▶ What you will do
Every line from the one with "Alizee – Escarpins" to the end of the listing below must be printed exactly, with no other text and no pictures.
Start of Input data
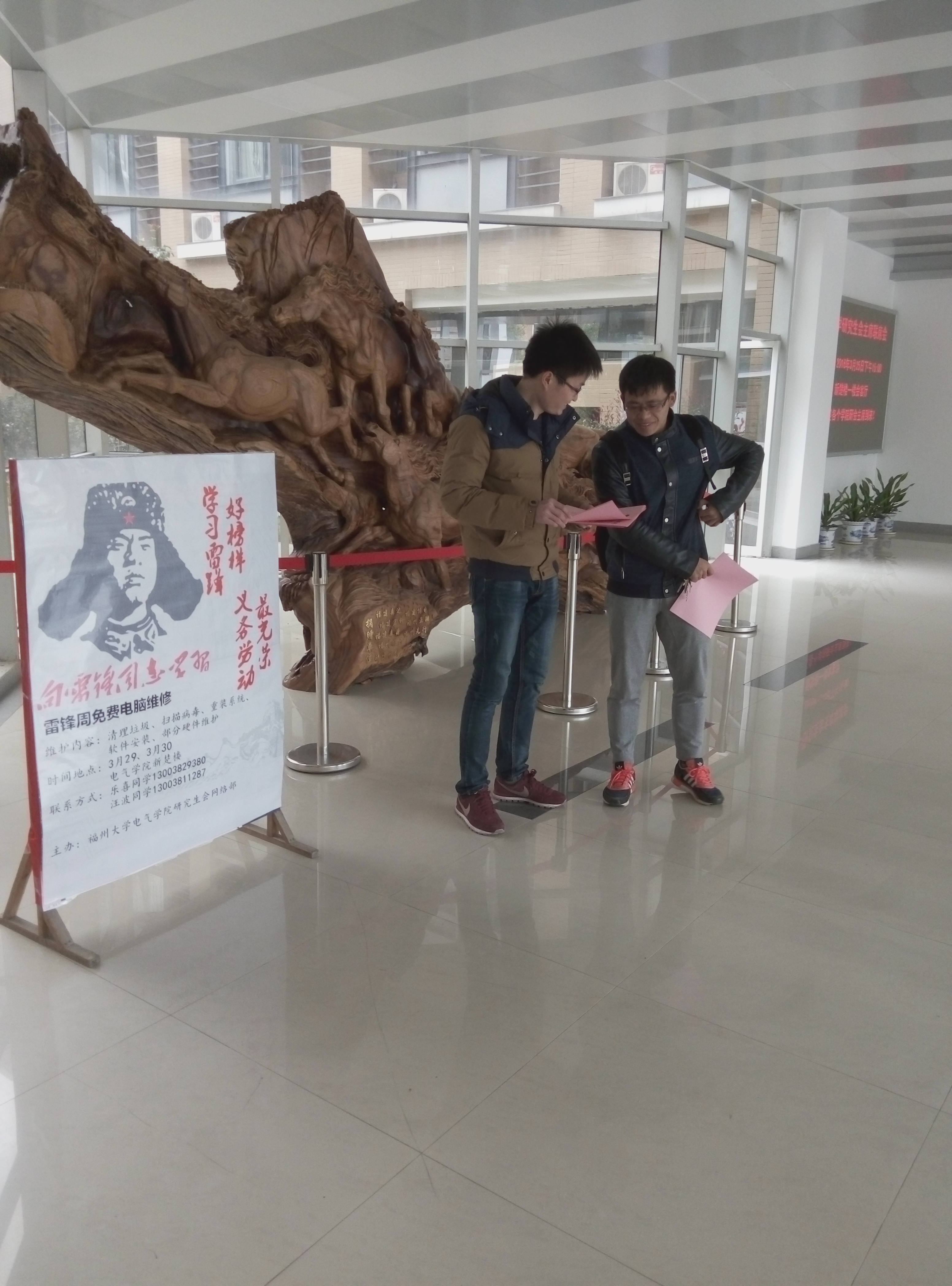 此次公益电脑维护活动,旨在贯彻“两会”精神,并进一步弘扬雷锋精神,以实际行动为全院师生排忧解难,受到了师生们由衷的欢迎和普遍赞誉。这次活动既提高了干部动手能力,进一步发扬了雷锋的无私奉献精神,又让同学们对雷锋精神有了更为深刻的了解,并引导同学们自发地学习雷锋,真正做到“为人民服务”,成为一个有爱心、责任心、感恩心的福大电气研究生。
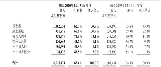 线下渠道的收紧与疫情有很大关系,但也能看到公司在策略上的选择。2020年新开业76家线下门店,从2019年末的114家增至2020年末的187家,同时新增了526家机器人商店,从2019年末的825家增至2020年末的1351家。相比开“大店”,机器人商店不需要请员工,拥有成本优势,并且可以打破消费场景的桎梏,深入地铁站、电影院等场景,更容易布局下沉市场。
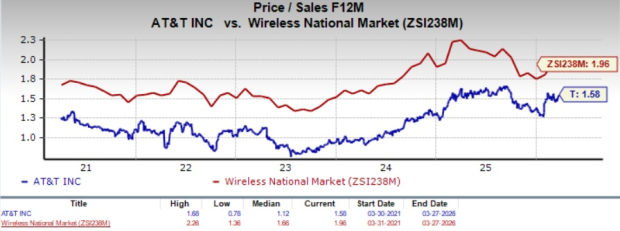 From a valuation standpoint, AT&T trades at a forward price-to-sales ratio of 1.58, below the industry tally of 1.96.
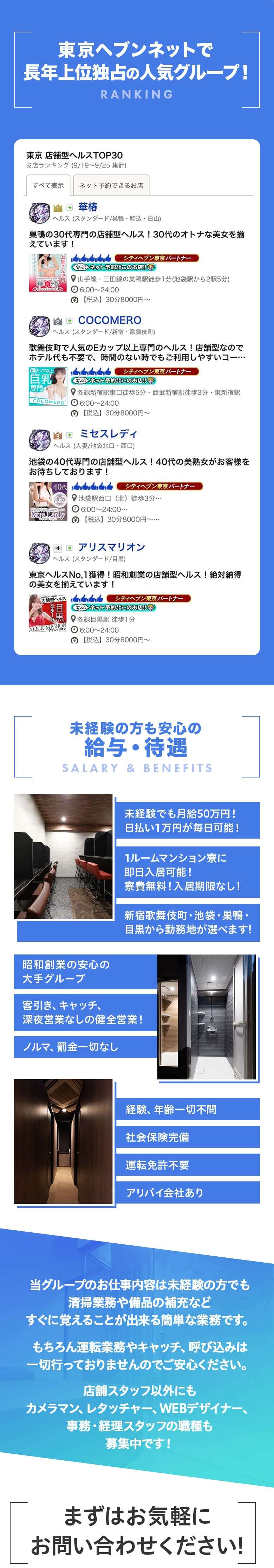 未経験でも月給50万円!ワンルーム寮費無料即入居可能!日払い1万円可能!巣鴨、池袋、新宿、目黒で選べる勤務地! 運転業務もございません!未経験でこの業界に入られる方は色々と不安もあるかと思いますが当グループは、公安委員会が定める風営法の届出済店舗ですので店舗型営業を行えております。 健全な運営を行っており呼び込みや時間外営業などもありませんのでご安心下さい。 店舗スタッフ、ウェブデザイナー、カメラマン、フォトレタッチャー、事務スタッフの職種を募集中です! 未経験者も安心して働けるのでぜひ一度お気軽に面接にお越しください。【スタッフ募集専用サイト】https://alicegrp.co.jp/
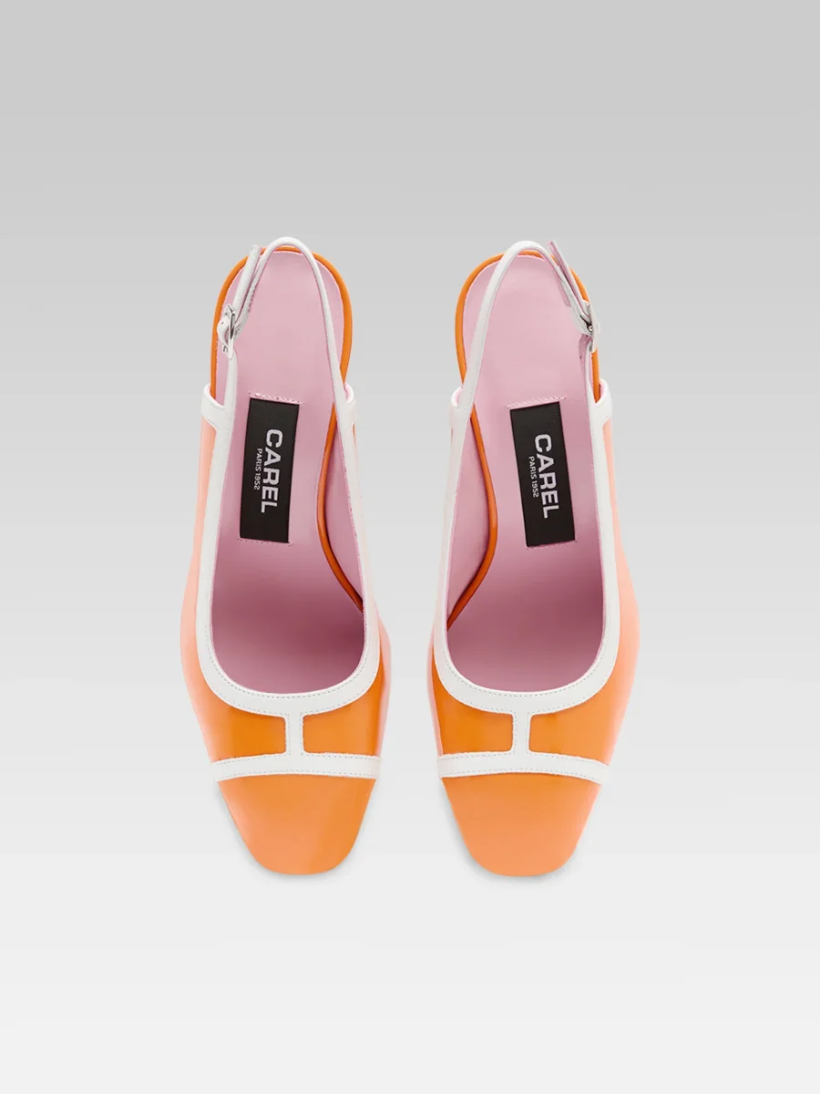 Alizee – Escarpins slingback cuir verni orange et blanc
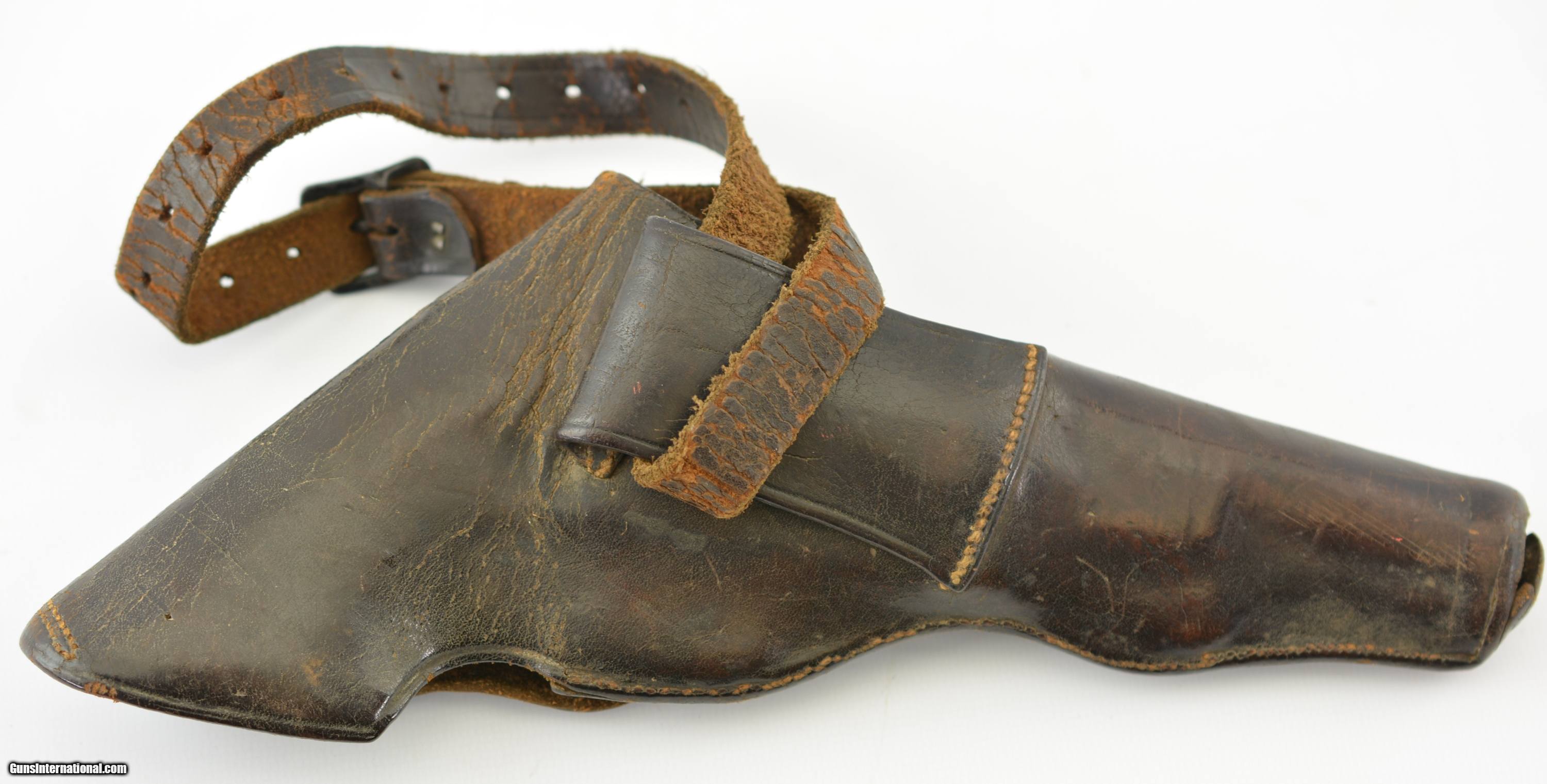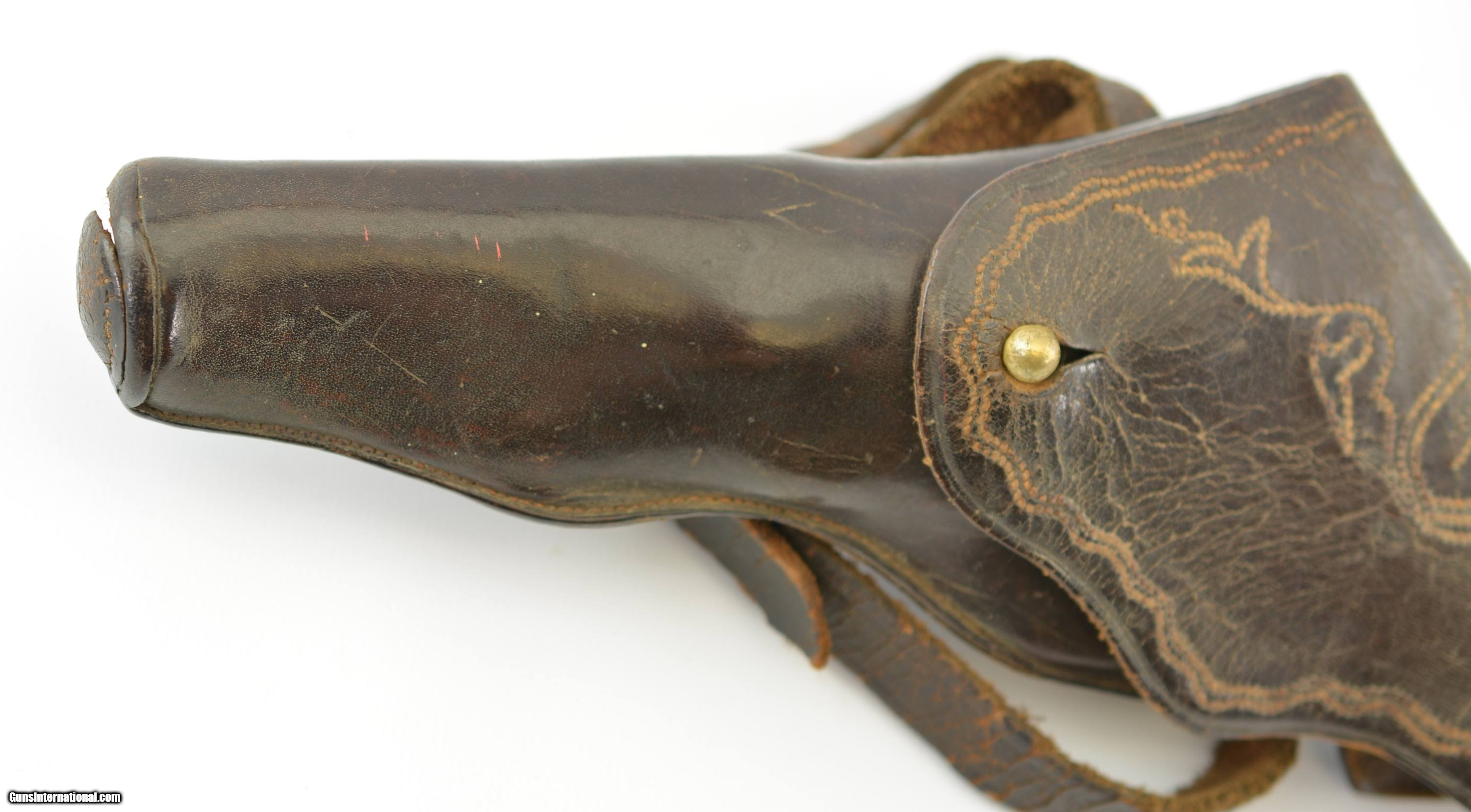 Description: This unmarked leather holster is for the Smith Wesson No 1 ½ SA revolver with a 3 1/2" barrel. Holster is 9 1/2" x 5" Designed for left hand or more likely “Butt Forward" carry; the holster also includes a small leather strap attached via buckle through the belt loop. There is a double row of stitching around the outside edges of the flap and more detailed stitching that resembles a crest or shield. The leather shows crackling and crazing on the flap and top edge while the body has a glossy sheen and some old scratches. The plug in the bottom has partially separated with about half the stitching missing. Holster has a great period “look" about it and should make a fine addition to your collection. SOLD Manufacturer: S&W Model: Holster |
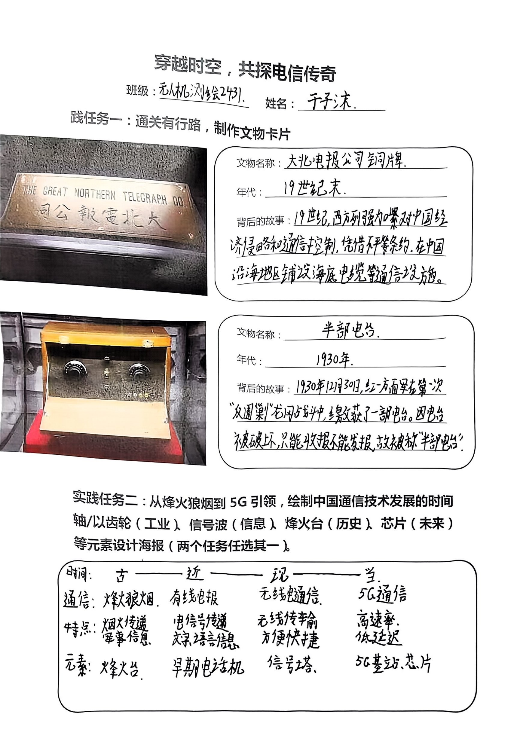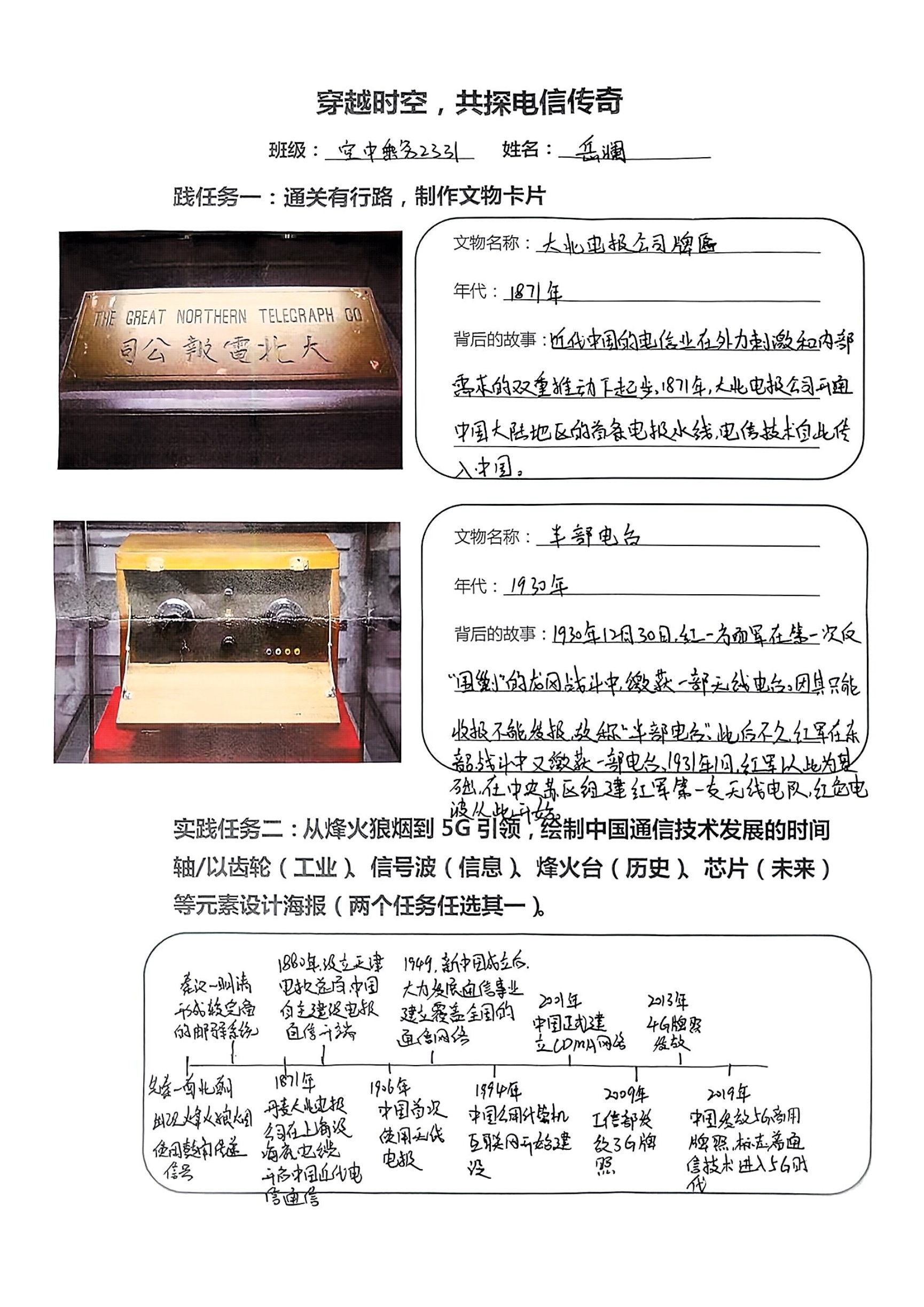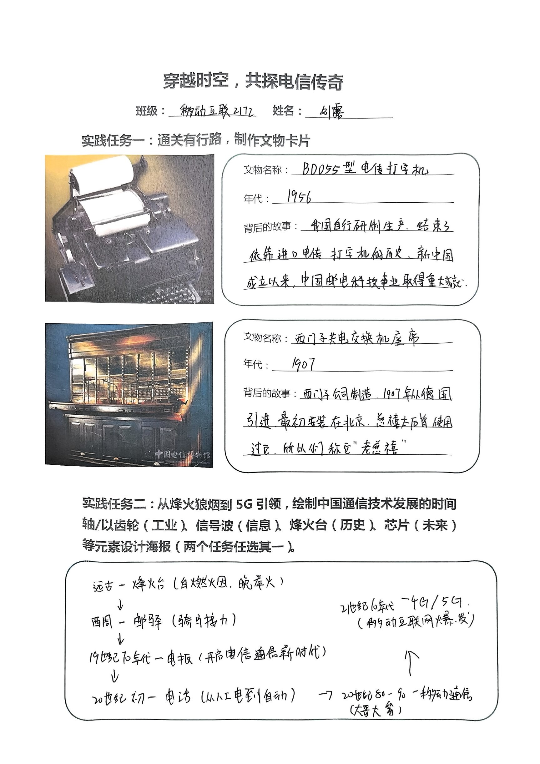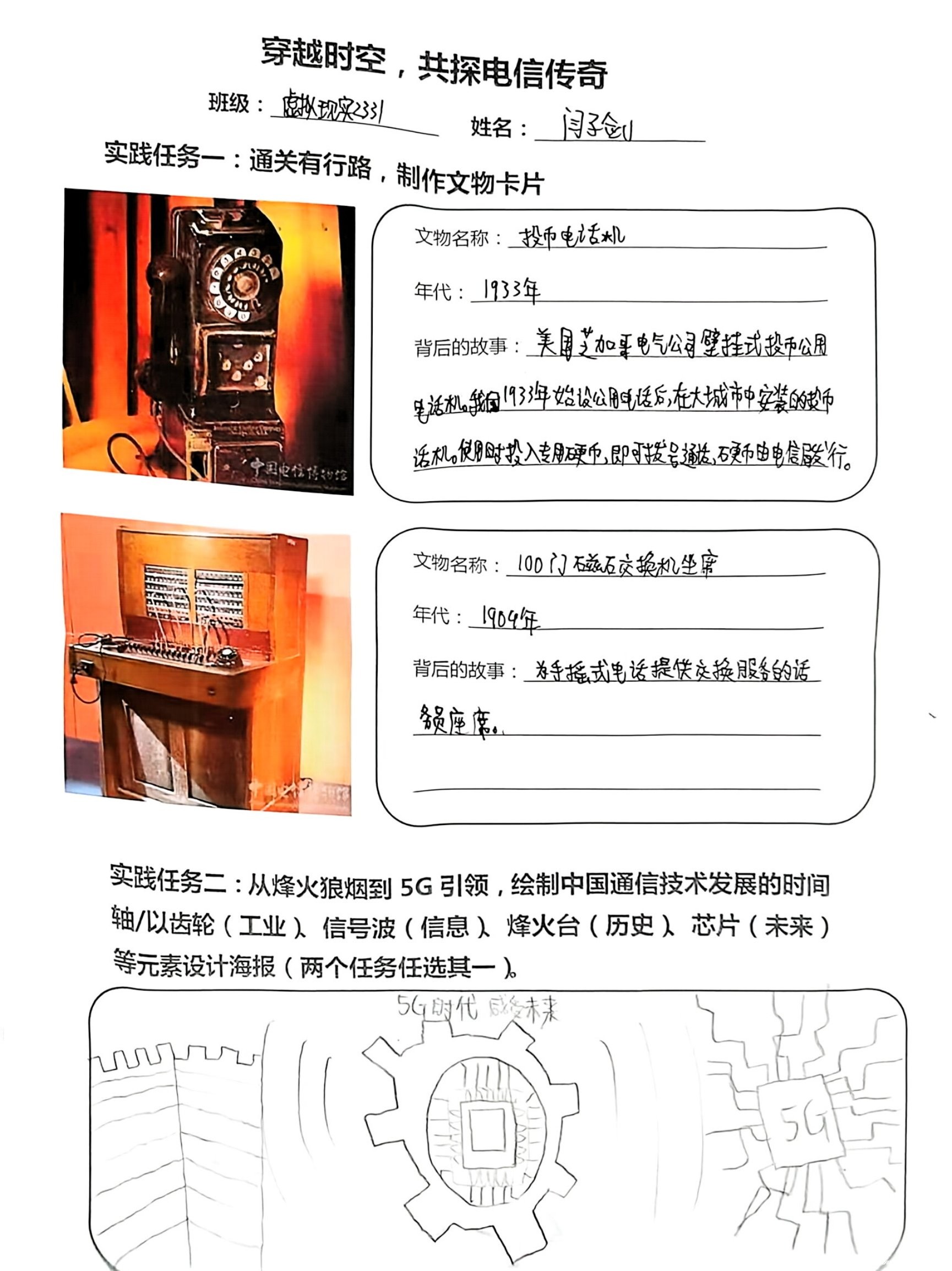 在前期充分调研与集体备课的基础上,马院老师精心设计了以 “穿越时空,共探电信传奇”为主题的实践手册。手册中设置了“通关有行路,制作文物卡片”“绘制中国通信技术发展时间轴”“以齿轮、信息波、烽火台、芯片等元素设计海报”等任务,引导同学们在观展中体会电信魅力。
End of Input data
▶ Answer to this problem
 Alizee – Escarpins slingback cuir verni orange et blanc
 Description: This unmarked leather holster is for the Smith Wesson No 1 ½ SA revolver with a 3 1/2" barrel. Holster is 9 1/2" x 5" Designed for left hand or more likely “Butt Forward" carry; the holster also includes a small leather strap attached via buckle through the belt loop. There is a double row of stitching around the outside edges of the flap and more detailed stitching that resembles a crest or shield. The leather shows crackling and crazing on the flap and top edge while the body has a glossy sheen and some old scratches. The plug in the bottom has partially separated with about half the stitching missing. Holster has a great period “look" about it and should make a fine addition to your collection. SOLD Manufacturer: S&W Model: Holster |
 在前期充分调研与集体备课的基础上,马院老师精心设计了以 “穿越时空,共探电信传奇”为主题的实践手册。手册中设置了“通关有行路,制作文物卡片”“绘制中国通信技术发展时间轴”“以齿轮、信息波、烽火台、芯片等元素设计海报”等任务,引导同学们在观展中体会电信魅力。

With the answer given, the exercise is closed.